Fear, I understand that the world can be a scary place... key word "can"... but it's not always that way. The world has beautiful sights to see, scents to smell, and lessons to learn. But with your false alarms constantly going off, I have not been able to rest and enjoy those moments in the world. Recently, you have been anticipating danger all around you. You are afraid that my car will break down at any moment. You are afraid that I will disappoint my friends and family. You are afraid that I might fail all of my classes in school. And you are afraid that one day I might be alone and without a support system. All of these worries have taken a toll on my heart and on my mind. I am so tired and need rest, to find moments of joy and comfort. Even though you may believe that you are protecting me from danger by setting off all these alarms, you are in fact hurting me. My mind, body, and soul have grown weak. I have lost my ability to cherish the quite moments, the moments of peace. And I am telling you now, these false alarms must stop.
I'm going to tell you something that may hurt your feelings, but tough love must be had in this conversation. So here it goes...Fear, you are not always right. There! I said it! You are not always right and that is OKAY. You may think you know best, but that is not completely accurate. It is okay to be afraid, to worry, and to anticipate danger; BUT experiencing those emotions should not take away from me having a good day.
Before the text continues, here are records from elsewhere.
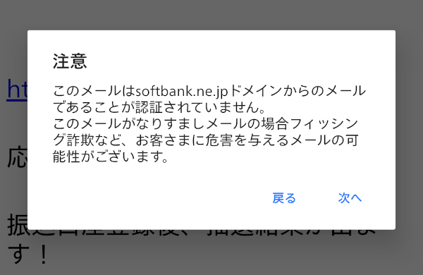 ソフトバンクの公式通知(157)を装っていますが、送信元が個人のようなランダムな英数字のアドレスになっています。
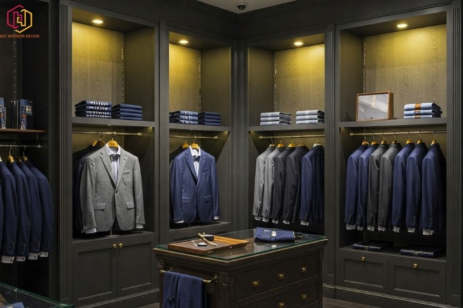 Khu trưng bày trang phục nam cổ điển, sang trọng, tạo cảm giác chuyên nghiệp và đẳng cấp.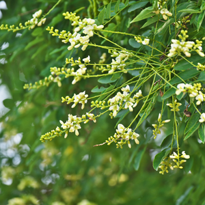 Le Sophora japonica est autofertile et produit ses fleurs blanc-crème en grappes au milieu de l’été, sans besoin de pollinisateurs supplémentaires.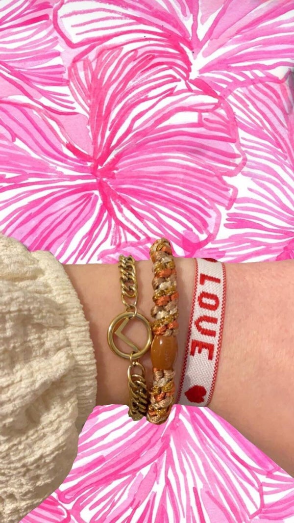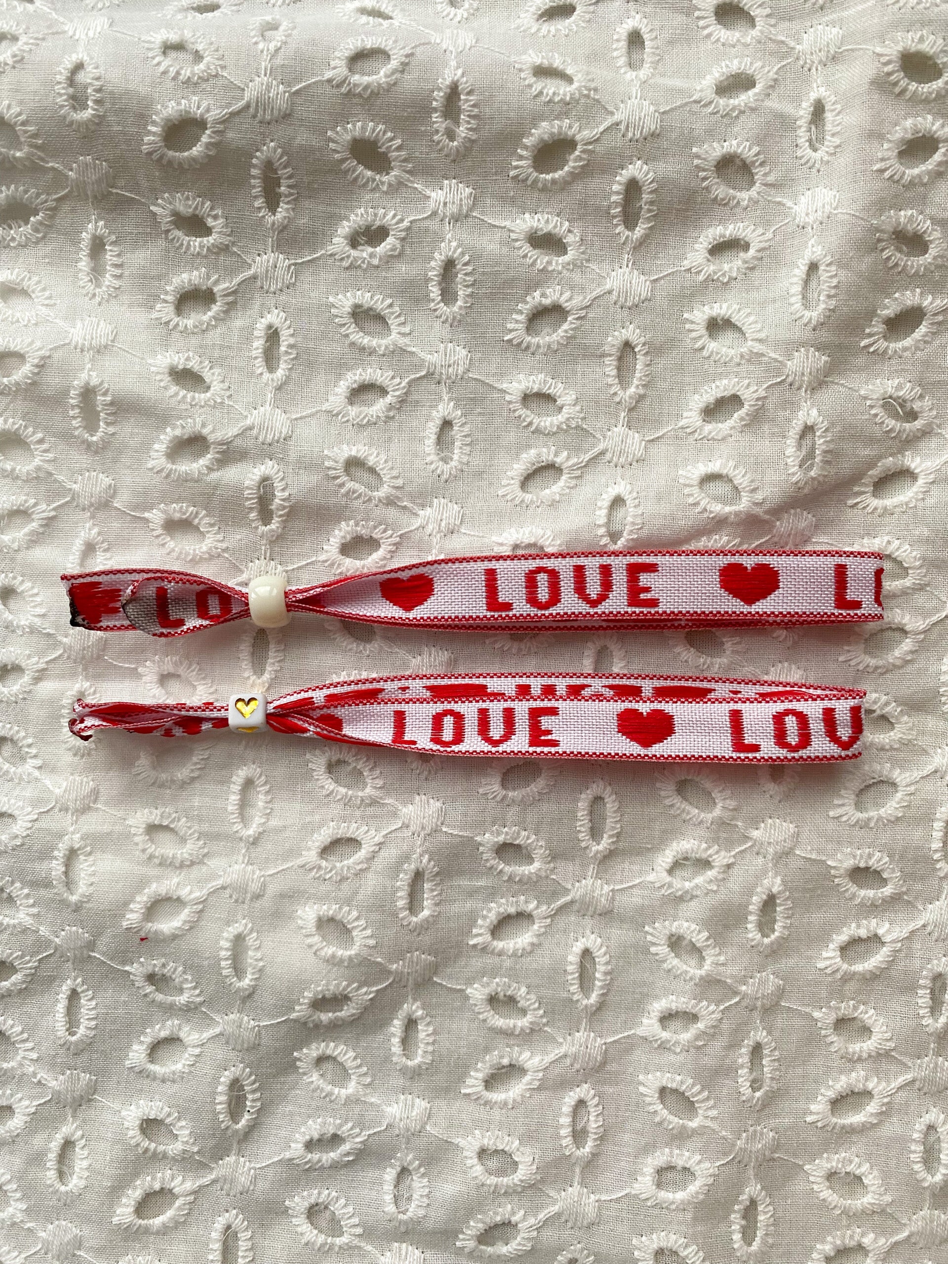 Dit leuke armbandje is verstelbaar door de kraal. Je kunt kiezen tussen een witte kraal en een gouden hartjeskraal.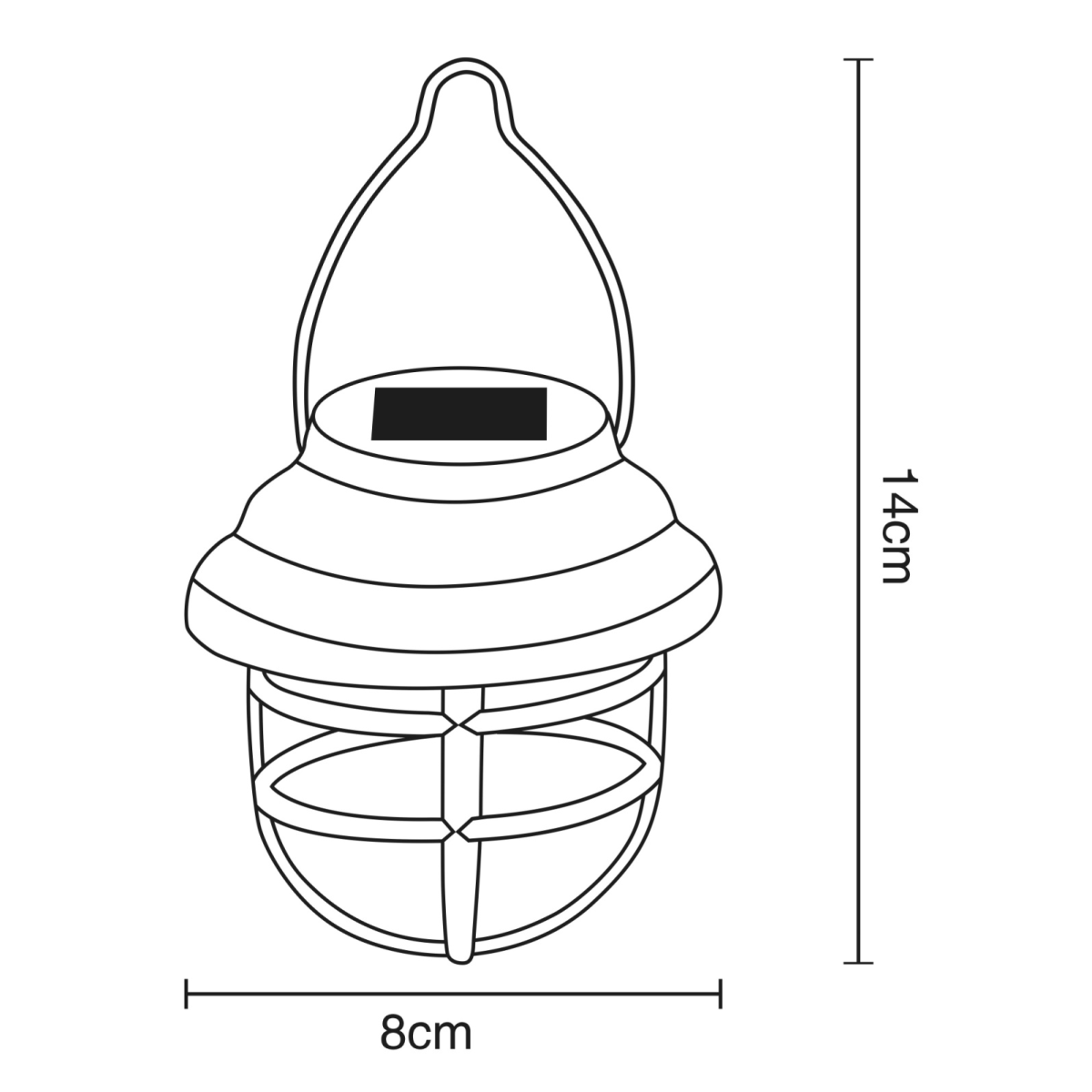 Függeszthető szolár lámpás, mely kertekbe, teraszokra tökéletes választás; 200 mAh Ni-Mh akkumulátorral; 1xAAA elemmel működik.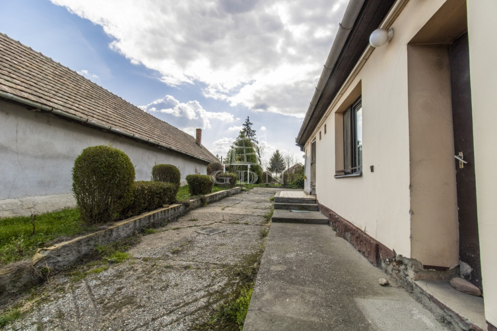Megvételre kínálok Jobbágyi központi részén egy 792 nm telken, jó állapotú, vályog + tégla falazatú, dél-nyugati fekvésű, 2 szoba + nappalis nettó 72,68 nm-es, bruttó 105,97 nm-es családi házat.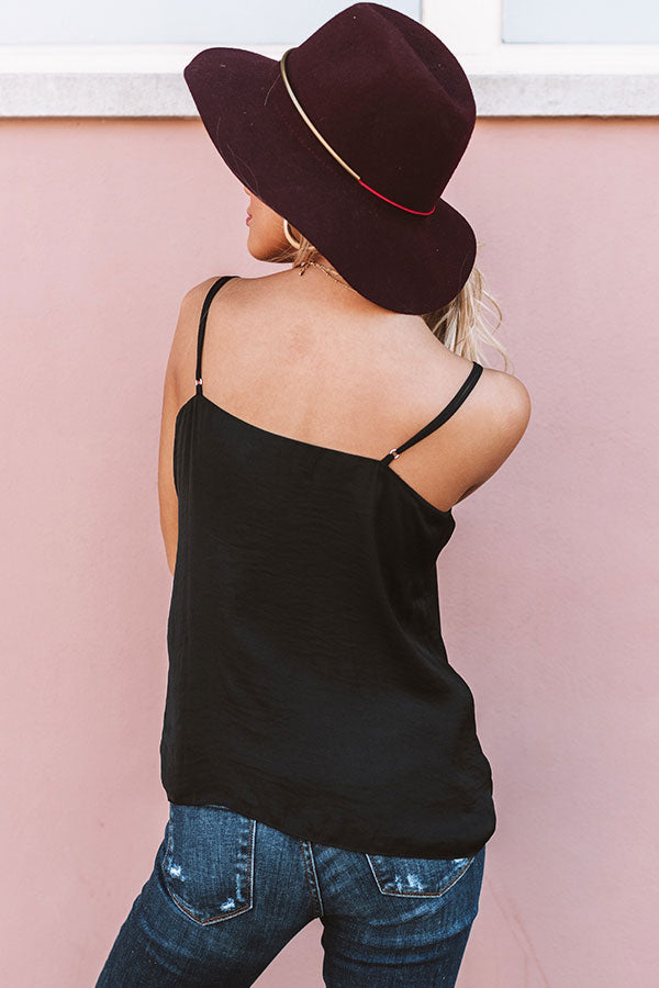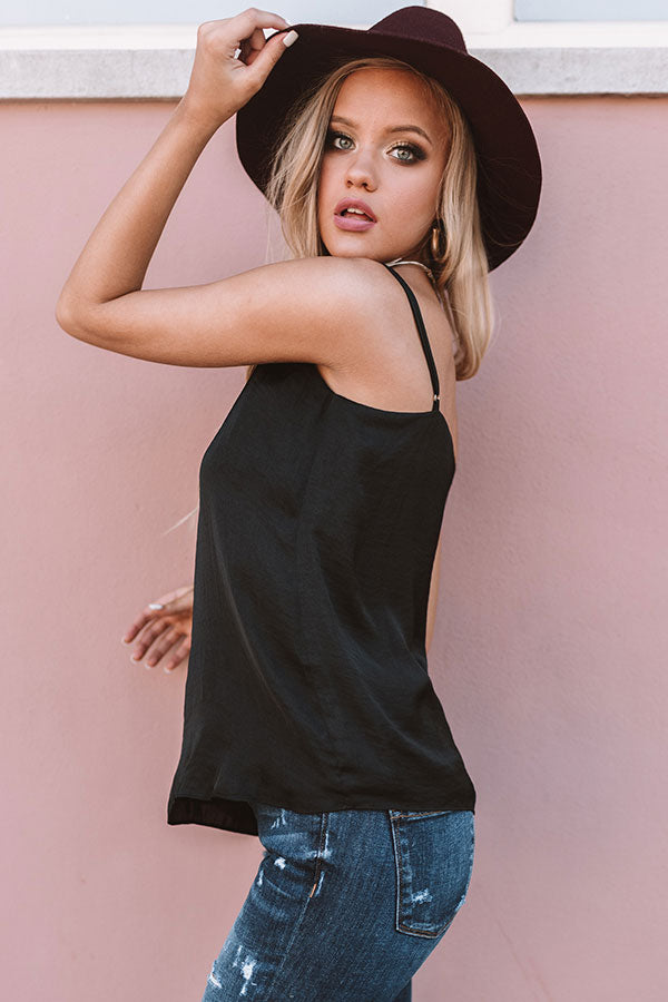 In the "heat of the moment," it can be hard to pick out the perfect OOTD, but this black tank with its spaghetti straps, loose fit, and v-neck lace trim, makes it easy! This versatile basic can be styled with anything, from trousers to skirts and bell bottoms to shorts! If you are going for a monochromatic look, we suggest styling with our "Make It Pop High Waist Pants in Black," black heels, and our "Instant Attraction Earrings in Black!" Measurements

Believe it or not, it is possible to have a good day even when you're afraid. It might be hard, it might feel unbearable at times, but you know what? "Every day is a beautiful day to do hard things," that is what the beautiful Kimberley Quinlan has taught me. In her most recent podcast labeled "How to do HARD THINGS!," she also wrote a letter to fear; and that is why I'm writing a letter to you today, because I was inspired.
You see fear, I'm not telling you all of these things to try and bring you down or discredit the role you play in my life; you are very important to me, but there is one thing you must understand... the "even if" statement. Here! I'll show you! EVEN IF my car breaks down, I have money set aside to repair it. EVEN IF I disappoint my friends and family, I know that they are loving and forgiving people, and that we will be able to grow in our relationship. EVEN IF I fail one, or two, or all of my college classes, there is always more opportunities down the road to do better. And, EVEN IF one day I might be alone and without a support system, guess what? I won't be. I am never alone because God is always walking with me, readily available to help me when I face trails and times of need.
So, Fear, how do you feel now? Do you feel a little less on edge? Because I sure do. Moving forward, let's walk together and embrace what this big beautiful world has to offer. To remember that even if (and when) you get scared, I encourage you to hold off on the alarms for a bit, and instead just take a deep breath and get your game face on. Cause Today, and Everyday, is "a beautiful day to do hard things."
With Love, Aubrey Layne.
Fear holds an important role in your life, but it is not always accurate with its alarms. Stop. Breathe. And give it to God.
God is big enough to handle all of life's scary moments.
Hard days can be beautiful days too.
"For just as the sufferings of Christ overflow to us, so also through Christ our comfort overflows."